The conclusion we have reached is supported in principle by many decisions, the following being cited as involving statutes similar to the one in question. See Lepanto Special School Dist. v. Cone,
We think there is nothing to the suggestion that the commissioner should be required to draw his voucher even if the state treasurer is without authority to pay a warrant drawn by the state auditor, based upon such voucher. The statute is as obligatory upon the treasurer to pay the warrant as upon the auditor to draw it or upon the commissioner to issue his voucher.
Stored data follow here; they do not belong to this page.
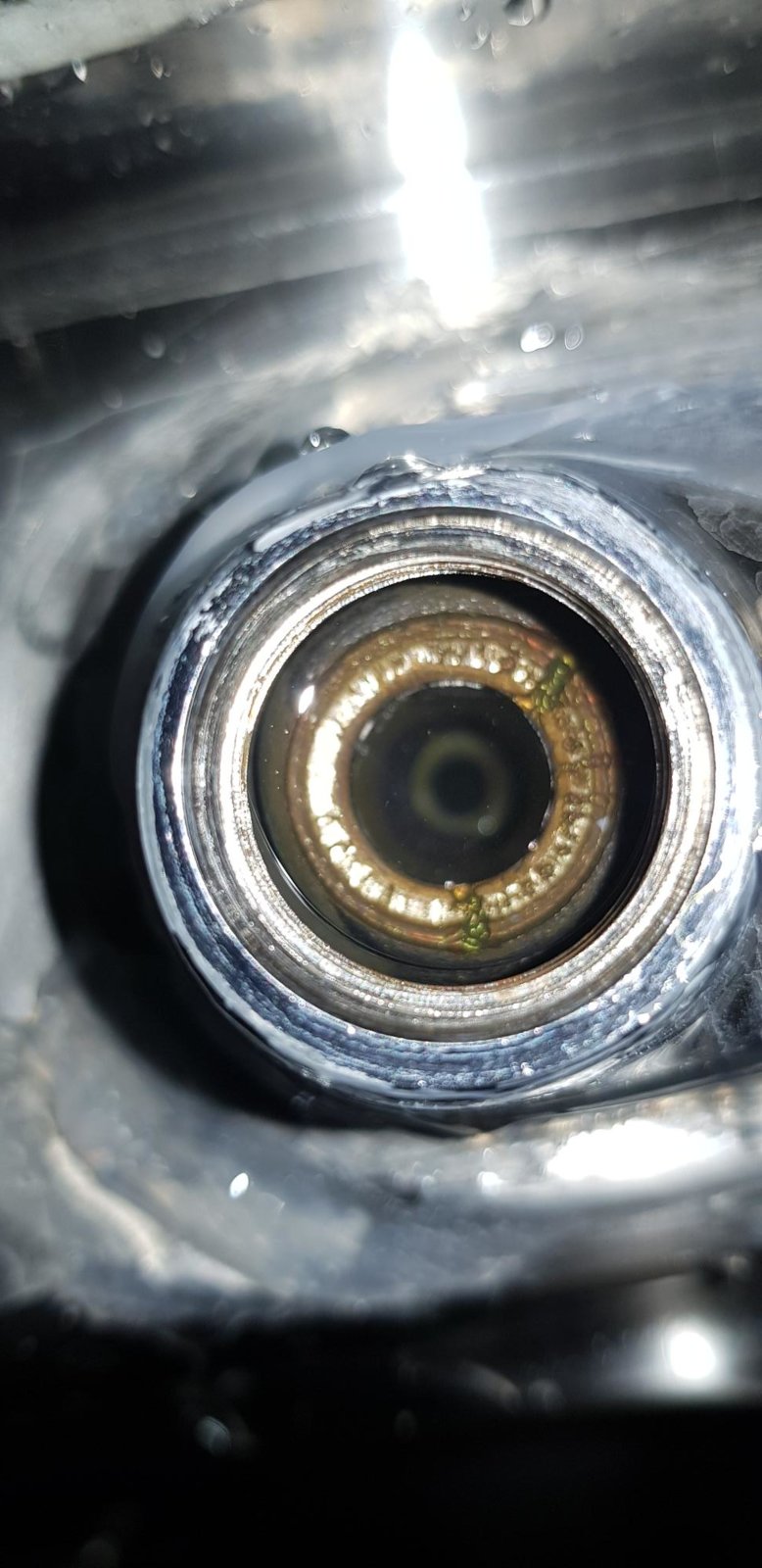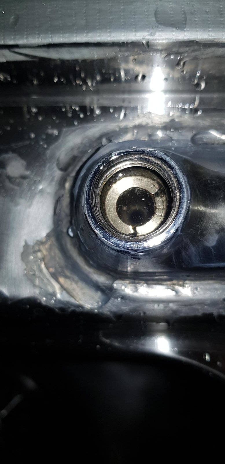 Our kitchen mixer tap is leaking from the hot tap. We have replaced the tap head and cartridge so can rule those out now. We have just tried reseating the tap and you can see the before and after photos enclosed, there appears to be 2 spots which may be cracks we can't tell but it's still leaking.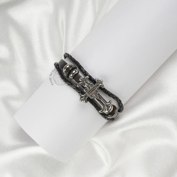 Cross Sign Beaded Leather Bracelet Imported Fashion Accessory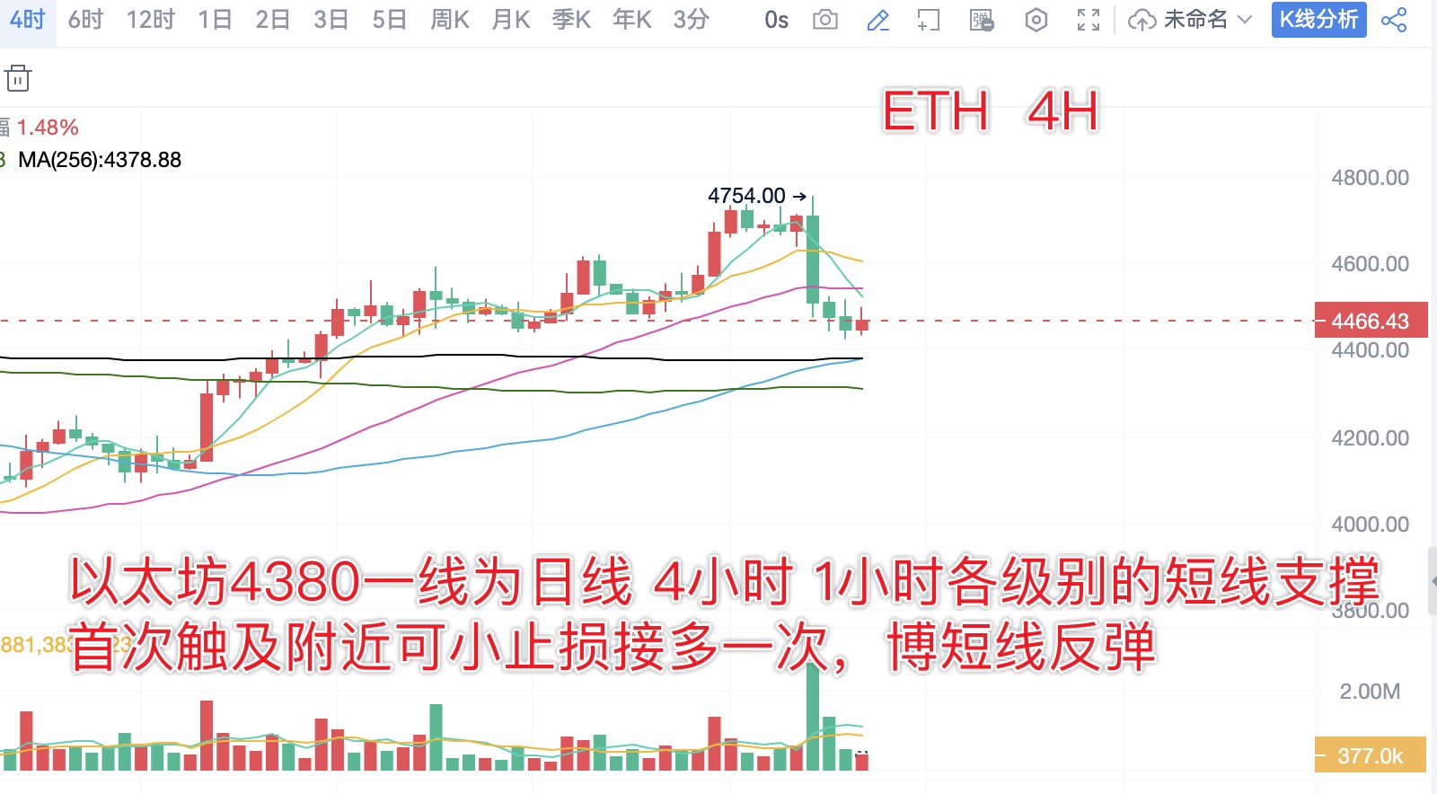 From the daily chart of Ethereum, it also closed with a large bearish candle yesterday, breaking below the previous day's candlestick. The daily chart is about to retest the MA30/60 moving average at the 4400 level. If it retests this level and holds, it can still look for a rebound. At the 4-hour level, it has been in a continuous oscillating decline. The key support level below is the MA256 moving average at the 4380 level. If it retests the 4300-4380 range during the day, it is considered possible to go long based on the support level.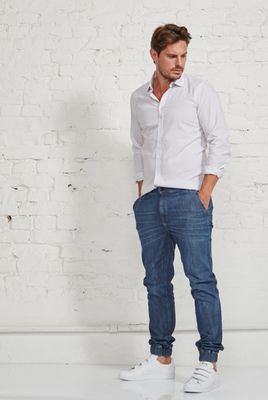 ····· 1038633Diese moderene Jeans erinnert mit den Bündchen am Beinabschluss nicht nur im Stil an eine Jogginghose, sie ist auch genauso bequem. Dafür sorgen der angenehme Denimstoff aus Biobaumwolle mit einem Anteil von 3% Elastan, für maximalen Tragekomfort. Tiefsitzende Gesäßtaschen und die mittelblaue Vintage-Effekt-Waschung sorgen zusätzlich für einen besonders lässigen Look. Alle unserere hochwertigen Jeans sind vegan und werden ohne den Einsatz schädlicher Chemikalien umwelt-und ressourcenschonend hergestellt.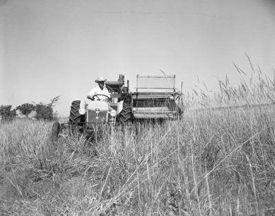 Art Dillon has had good success combining native grass on his Erath County farm and believes that grass propagation can mean saving the life of Central Texas soil. Here he is harvesting Indian grass seed. Published in Fort Worth Star-Telegram January 1951.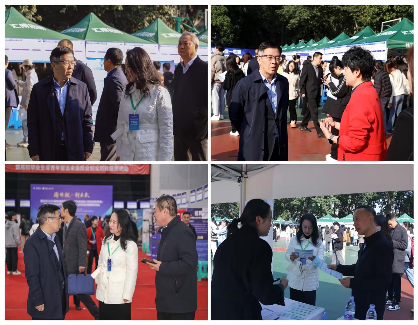 11月21日,由重庆市教育委员会、重庆市人力资源和社会保障局与KY开元集团官网联合主办的“渝快就·创未来—重庆市2026届普通高校就业促进双选活动(财经商贸专场)暨高校毕业生等青年留渝来渝就业创业对接服务活动”在KY开元南岸校区体艺馆举行。学校党委书记曾维伦,党委常委、副校长李国军,市学生就业与创新创业服务中心副主任徐珮杰等领导到现场进行指导。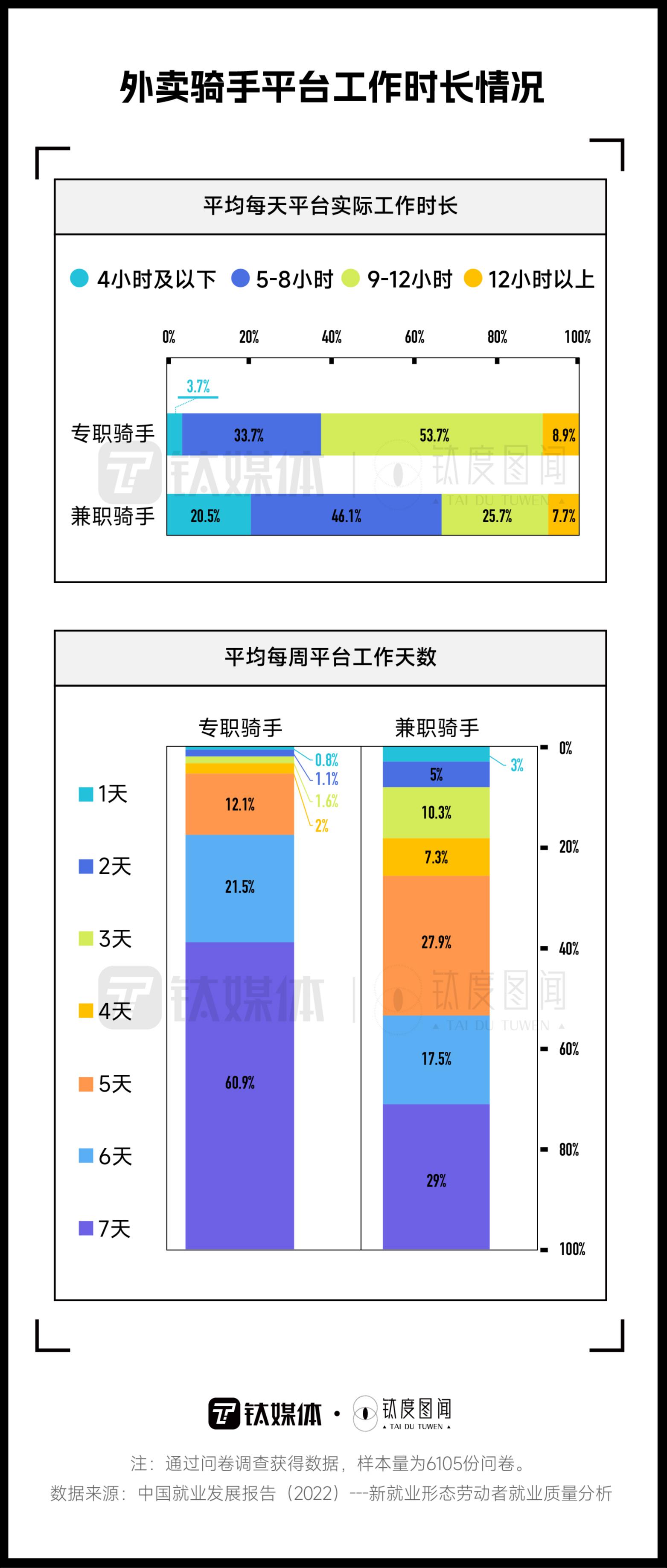 数据显示,有近一半的网约车司机每天工作时间长达12小时以上,近4成网约车司机一个月平均休息3-4天,而网约车司机的平均工资在5000-7000元/月之间;与之类似,一半以上的专职外卖骑手每天工作9-12小时,且几乎每周工作7天,薪资在5000-8000元/月之间。工作越来越累,赚钱越来越少,准入门槛较低的网约车司机、外卖骑手还是门好职业吗?本期钛媒体·钛度图闻从数据层面观察网约车司机、外卖骑手的生存现状。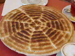 The host pours the coffee for all participants by moving the tilted boiling pot over a tray with small, handleless cups from a height of one foot without stopping until each cup is full.[3] The grounds are brewed three times: the first round of coffee is called awel in Tigrinya, the second kale'i and the third baraka ('to be blessed'). In Amharic the terms are abol (አቦል), the second tona (ቶና) and the third baraka (በረካ).[4] The coffee ceremony may also include burning of various traditional incense.[4] People add sugar to their coffee, or in the countryside, sometimes salt or traditional butter (see niter kibbeh).[3] The beverage is accompanied by a small snack such as popcorn, peanuts, or himbasha (also called ambasha).[3]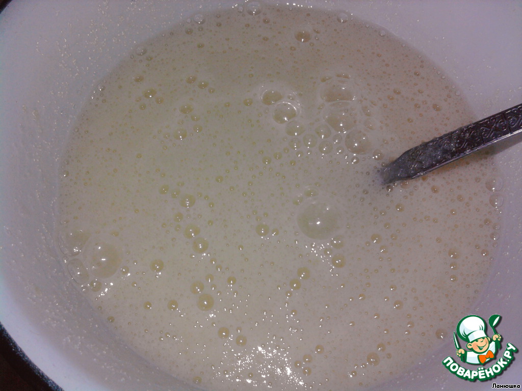 Теперь начинаем колдовать: смешиваем оставшиеся сметану и сахар.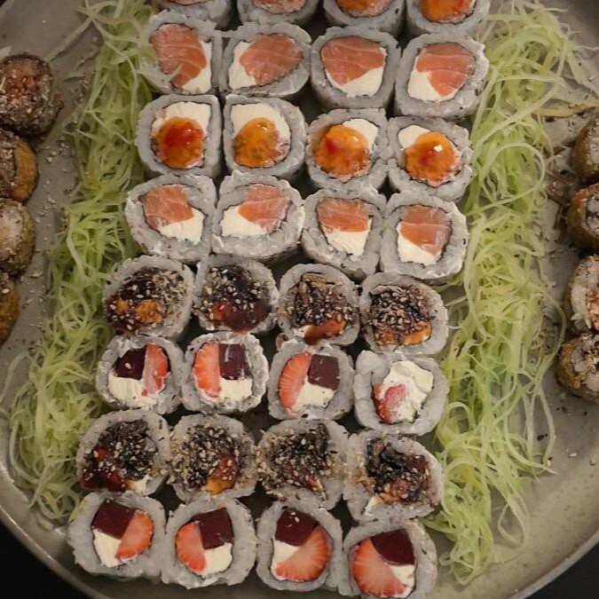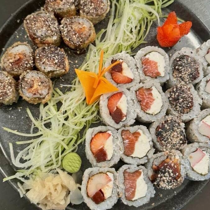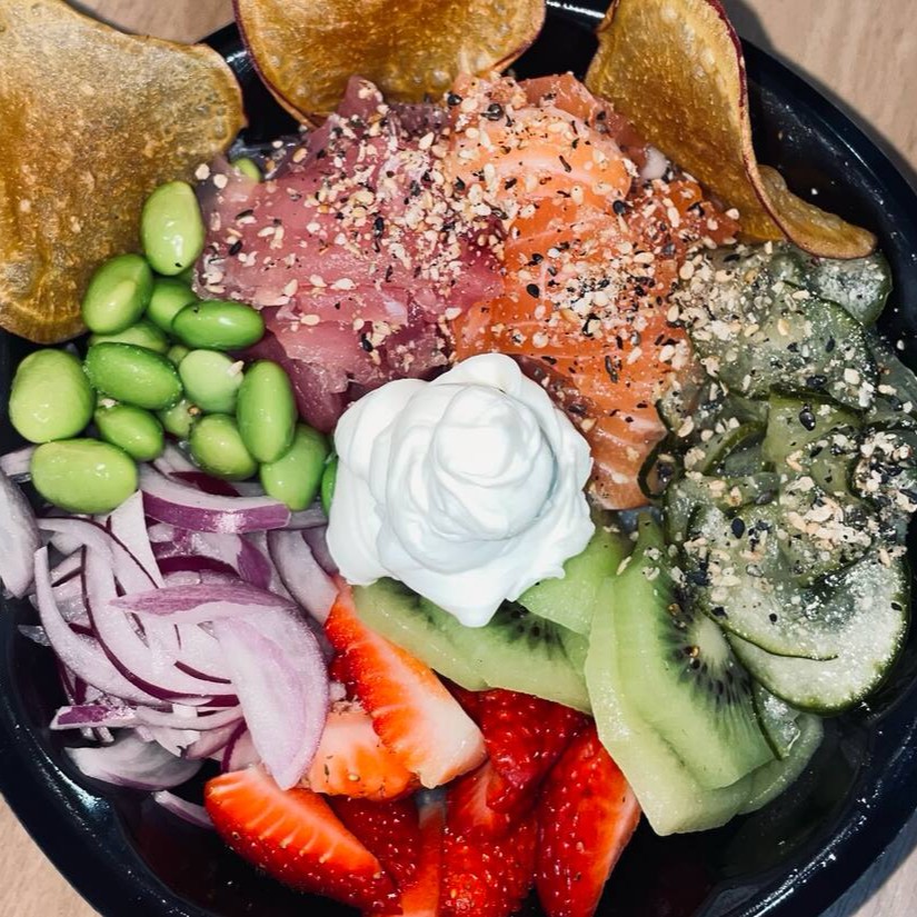 Salmão, atum, gohan, sunonomo, cebola roxa, kiwi, morango, edamame, chips de batata doce e cream cheese e molho da casa (tataki)

It would be an entirely useless ceremony for the commissioner to draw a voucher resulting in a warrant upon the treasury which could not be collected or paid by the treasurer.
Having reached the conclusion that the statute upon which appellee relies is void, for the reasons heretofore stated, it is unnecessary to decide the other interesting questions presented and ably argued by learned counsel in the case.
The judgment of the lower court is reversed, and the cause remanded, with directions to discharge the writ, and it is so ordered.
WATSON and SIMMS, JJ., concur.
PARKER and CATRON, JJ., did not participate.
Addendum
Counsel are mistaken in assuming that we overlooked the possibility that the broad constitutional provision might require interpretation, to avoid hampering necessary and legitimate transactions, and still to prevent the evils the Constitution makers aimed at. But we did not and do not think that the present case calls for such interpretation. It does not remotely resemble any of the cases suggested by way of illustration. We are not dealing with moneys paid in to a state agency "on deposit, in escrow, or in evidence of good faith * * *" not yet "earned so as to become the absolute property of the state," situations contemplated in the Public Moneys Act, 1929 Comp., § 112 — 102. The commissioner has determined that these moneys are the "absolute property of the state"; not that they "should be returned, repaid or refunded." 1929 Comp. § 112 — 122. Nor are we dealing with special funds accumulated in the treasury for specific purposes. The constitutionality of the Public Moneys Act and of the various other statutes is not before us. We are concerned with 1929 Comp. § 132 — 110, upon which appellee relies. In so far as that statute assumes to authorize repayments of moneys covered into the treasury and funded, as the property of the state, on the mere say-so of an administrative officer, we hold it unconstitutional.
We need not here deny that in many instances the proper test may be whether the moneys sought to be paid out are the property of the state. But where the proper administrative officer has received the money as the property of the state and has covered it into the treasury as such, it is thenceforth conclusively state property. Only the Legislature may determine that it was erroneously exacted and may be returned. To hold otherwise would be to inaugurate a system of continuous review by administrative officials of their own and their predecessors' acts. It would not only lead to great confusion in the administration of *252 the state's business, but it would open the door to fraud and to the irresponsible and irregular dissipation of the state's funds — evils the Constitution makers obviously intended to prevent.
The motion for rehearing is denied.
SIMMS and WATSON, JJ., concur.
PARKER and CATRON, JJ., did not participate.